[Items from a data source]
========================

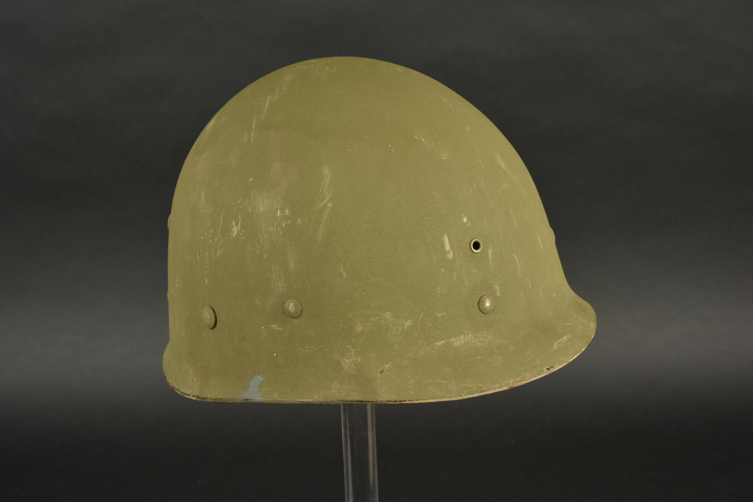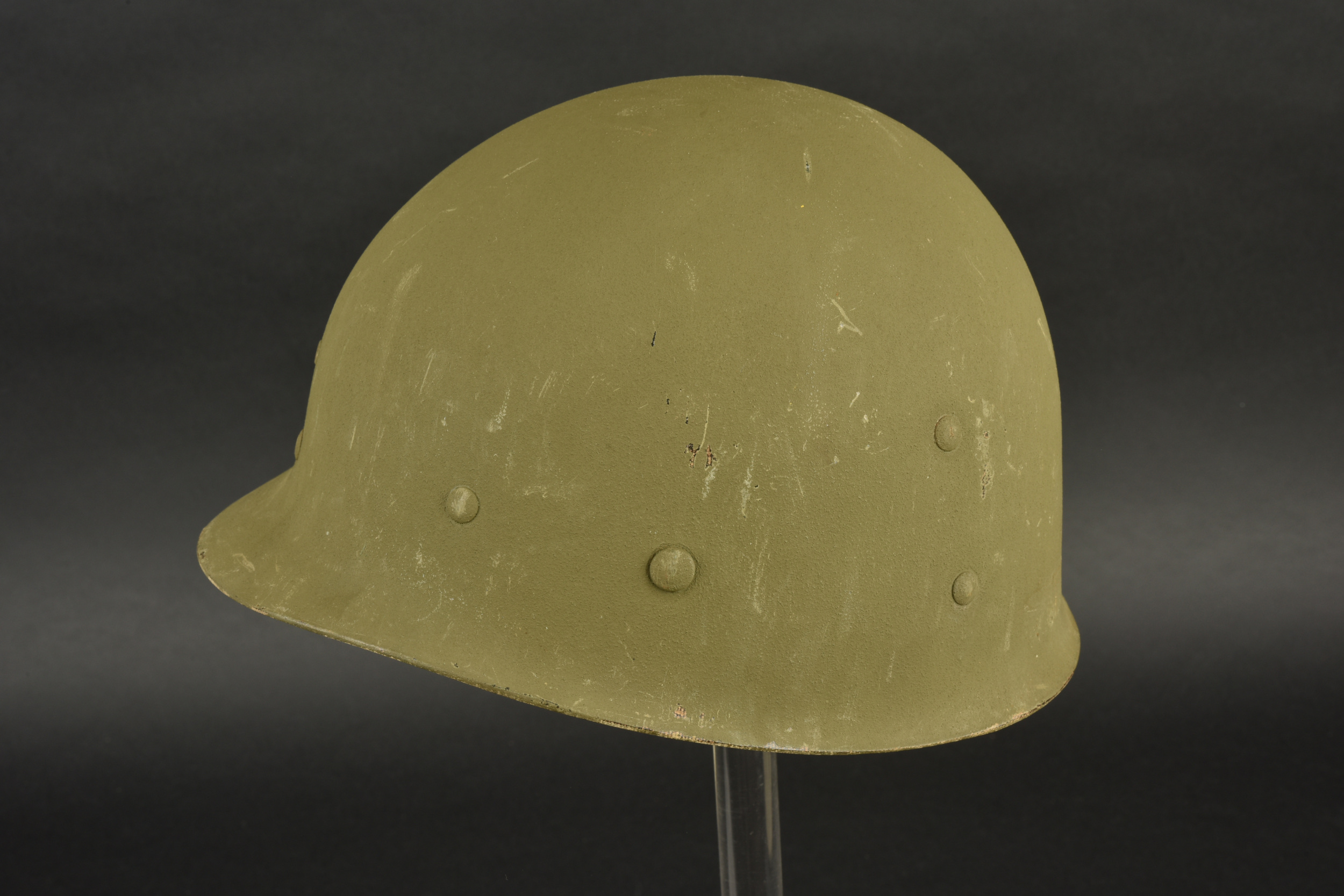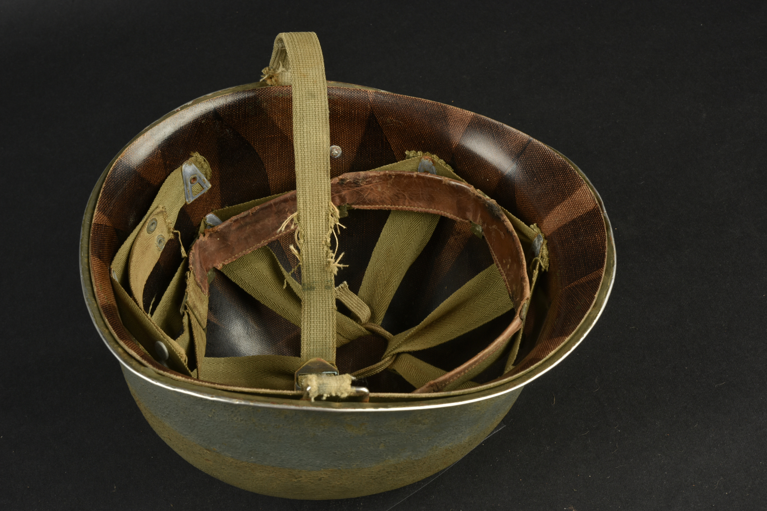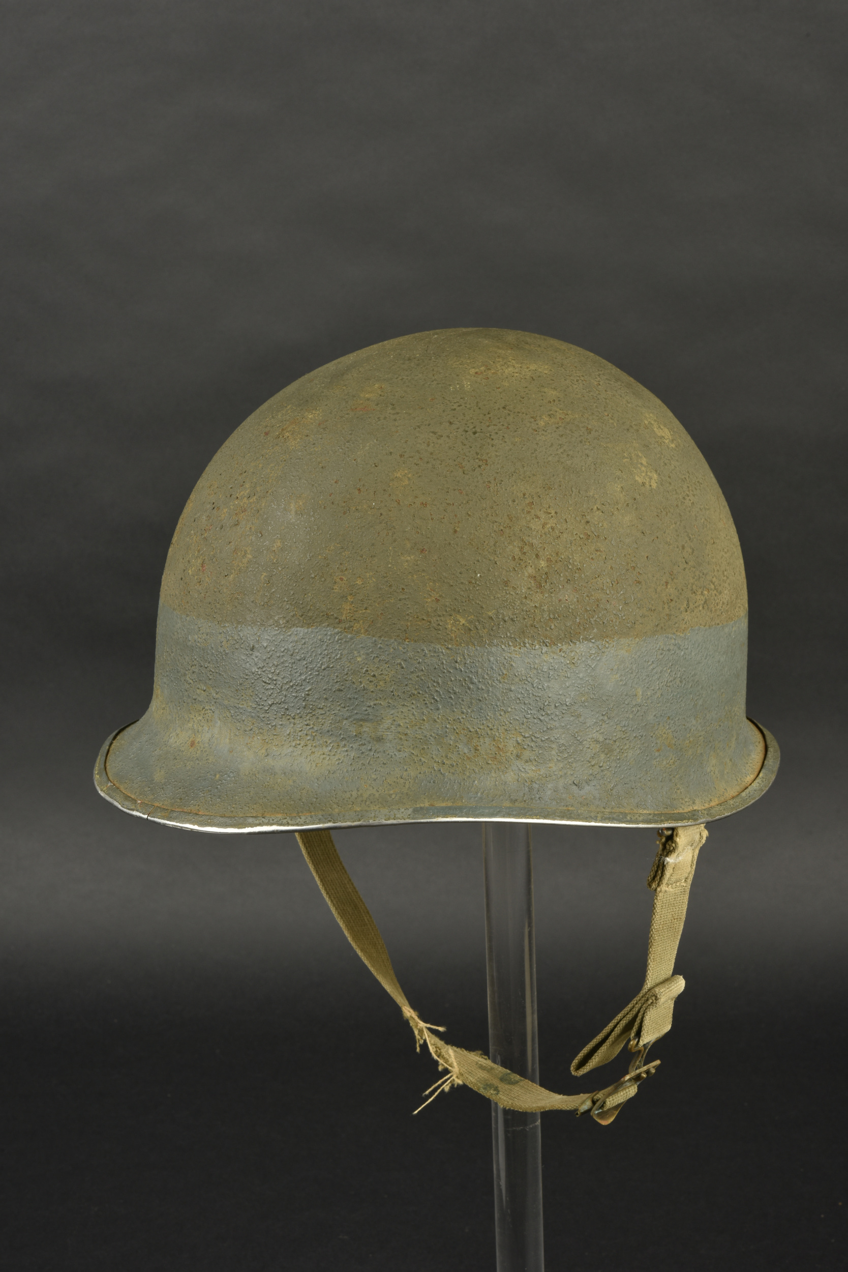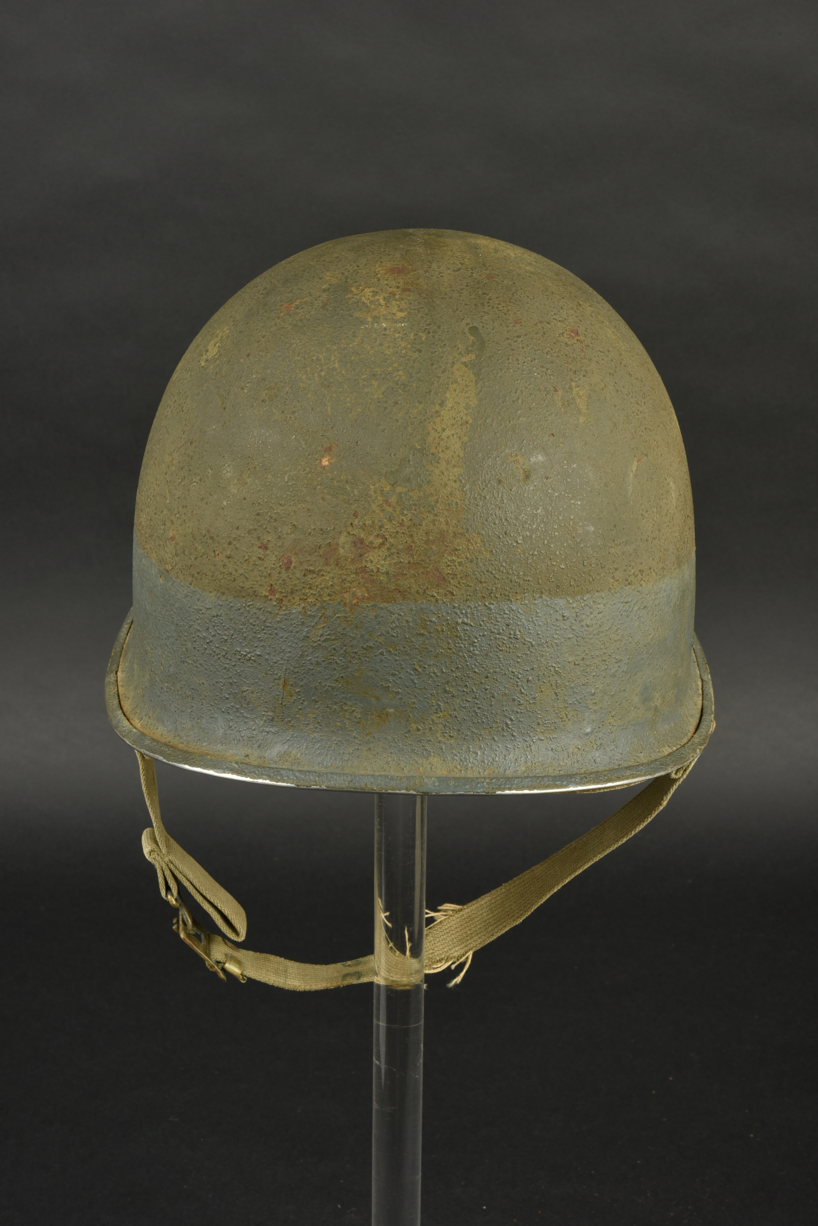 Détails de la vente >Casque US Navy. Coque de casque USM1, numéro de lot illisible. Intérieur de la coque disposant de plusieurs couches de peinture kaki. Peinture extérieur à 80%. Bande bleue faisant le tour de... en savoir plus
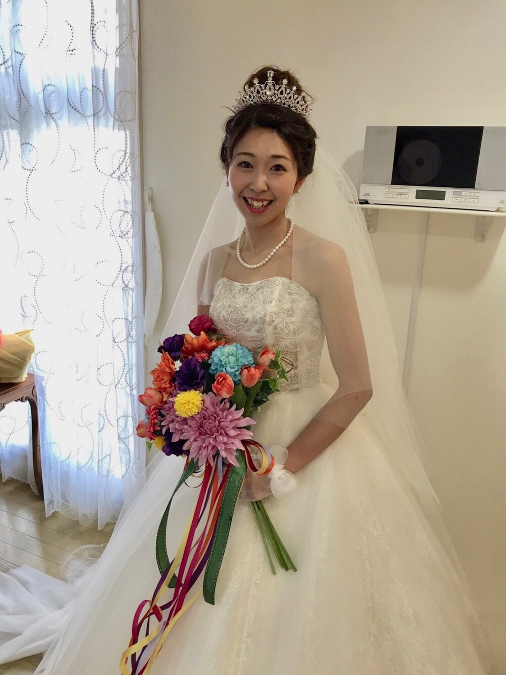 ❤︎2016 結婚式 振り返り❤︎ アニベルセル東京ベイ *ウエディングドレス 挙式時の髪型は大きいお団子にしました👰 ブーケはずっと取っておけるように生花ではなく プリザーブドフラワーを使用しました✨ 今でも玄関に飾っています 周りからは生花だと思ったと言ってもらえたので プリザーブドフラワーおススメです! 今でも玄関に飾っていますよ❣️ 手袋はリボンのついてるものを使用しています🎀
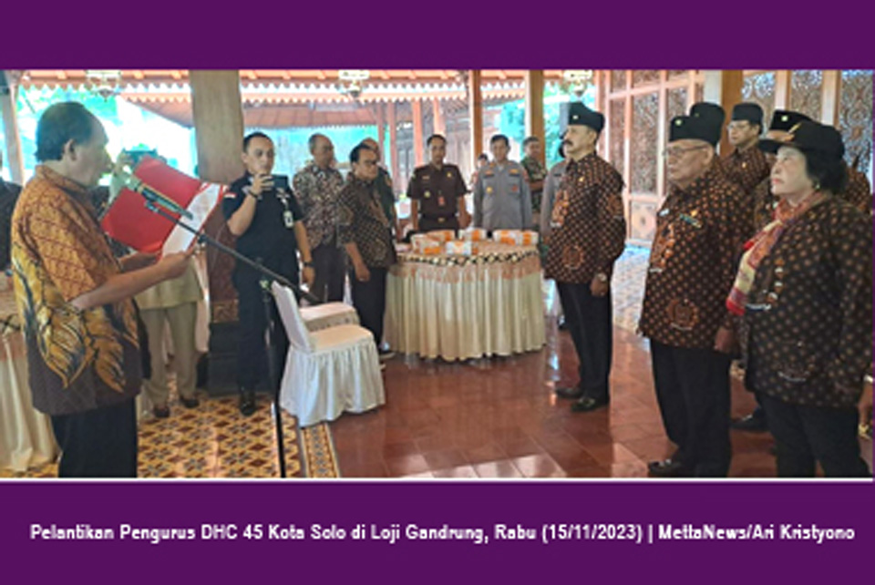 Kepengurusan Dewan Harian Cabang (DHC) 45 Kota Solo periode 2022-2027 terbentuk secara resmi. Susunan pengurus dengan Ketua Sri Baskoro, dilantik di rumah dinas Wali Kota Solo, Loji Gandrung, Rabu (15/12/2023).
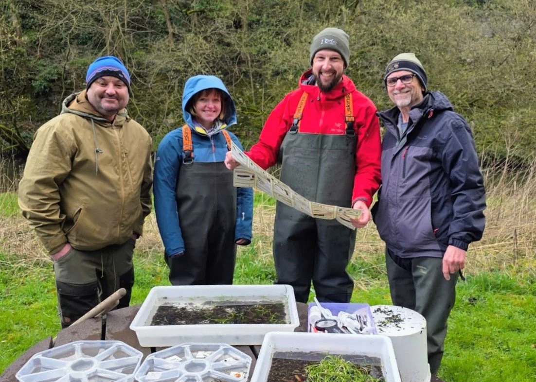 L-R: Riverfly Partnership Co-chair Simon Johnson, Co-ordinator Ellen Burton, Senior Development Manager Henry Marriner, Co-chair Steve Brooks
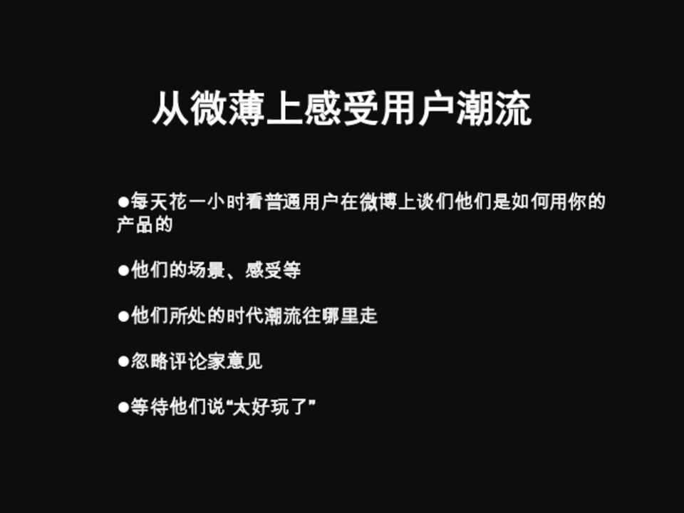 每天花一小时看普通用户在微博上谈们他们是如何用你的 产品的
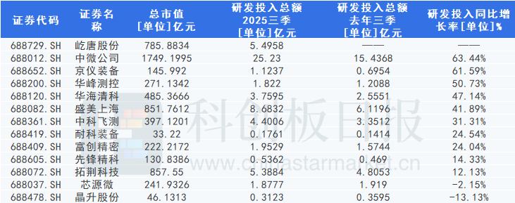 新产品的密集落地,源于企业对研发的极致投入。三季度财报显示,科创板半导体设备商普遍维持高强度研发,投入规模同比增长显著。
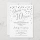 Diseño elegante con falso brillo plateado y blanco. ¡Salud por 10 años!
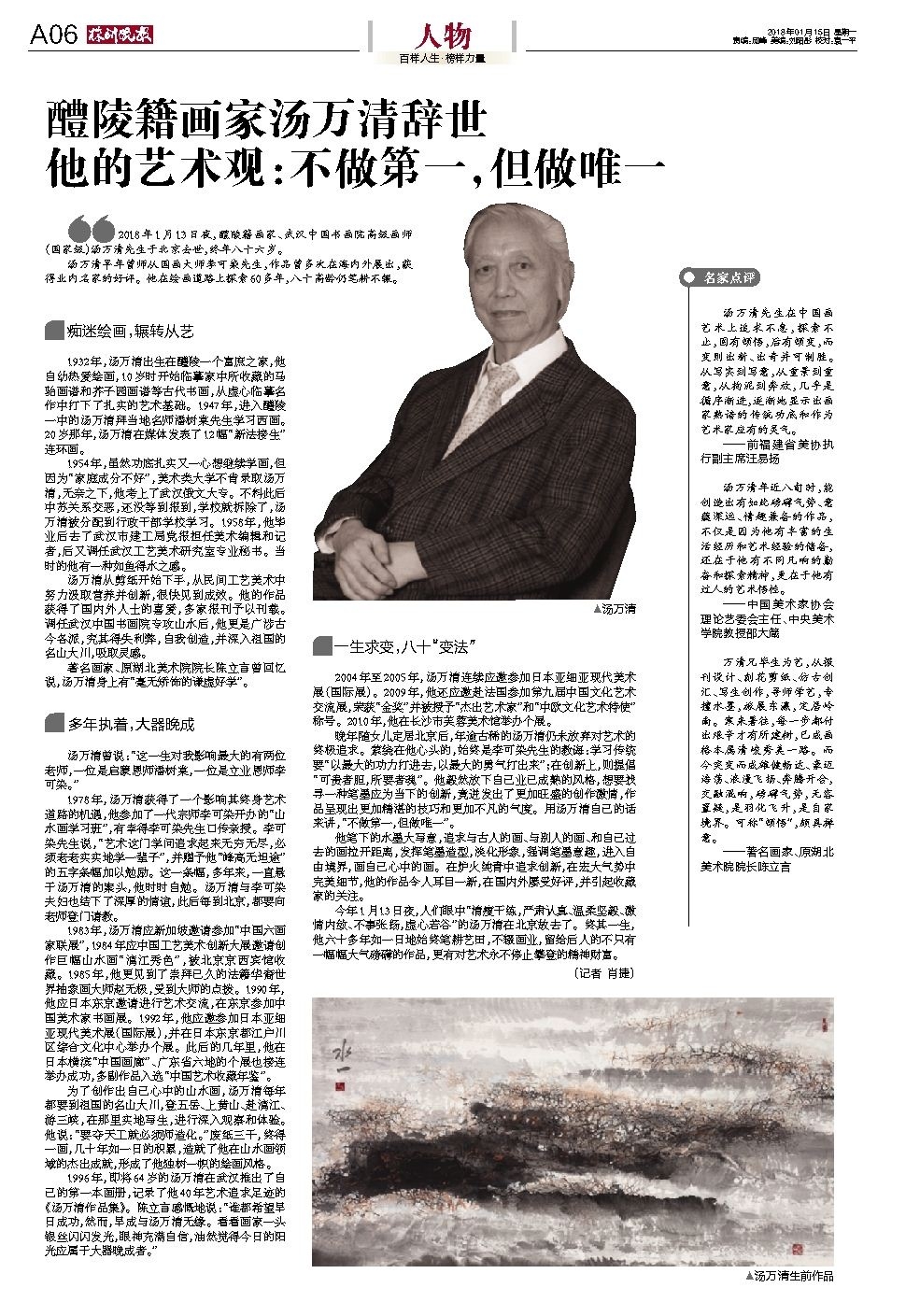 醴陵籍画家汤万清辞世 他的艺术观:不做第一,但做唯一
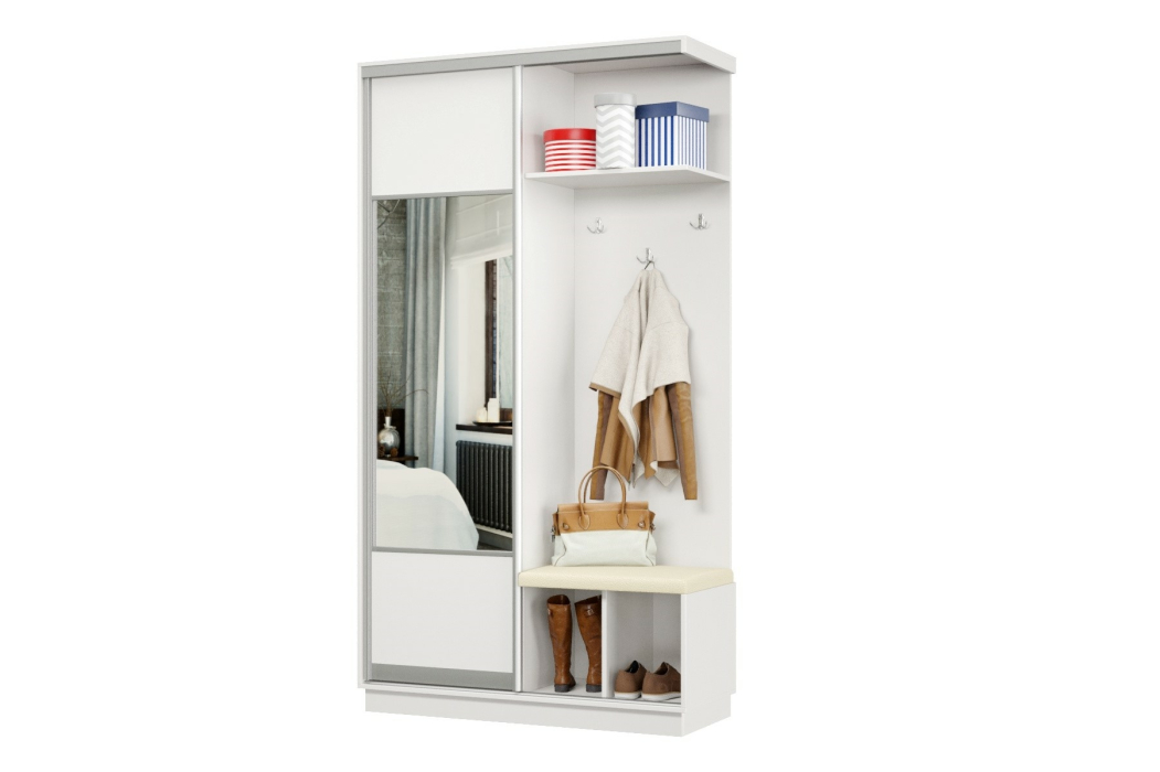 В прихожей используется одна дверь, которая перемещается по однополосному треку вправо или влево, закрывая или открывая каждую из двух частей шкафа.

========================

WORK REQUEST: Reproduce verbatim, and only, the lines starting at the one that contains "醴陵籍画家汤万清辞世 他的艺术观:不做第一,但做唯一" and ending with the final line of the records; leave out the pictures.

ANSWER TO THE PROBLEM:
 醴陵籍画家汤万清辞世 他的艺术观:不做第一,但做唯一
 В прихожей используется одна дверь, которая перемещается по однополосному треку вправо или влево, закрывая или открывая каждую из двух частей шкафа.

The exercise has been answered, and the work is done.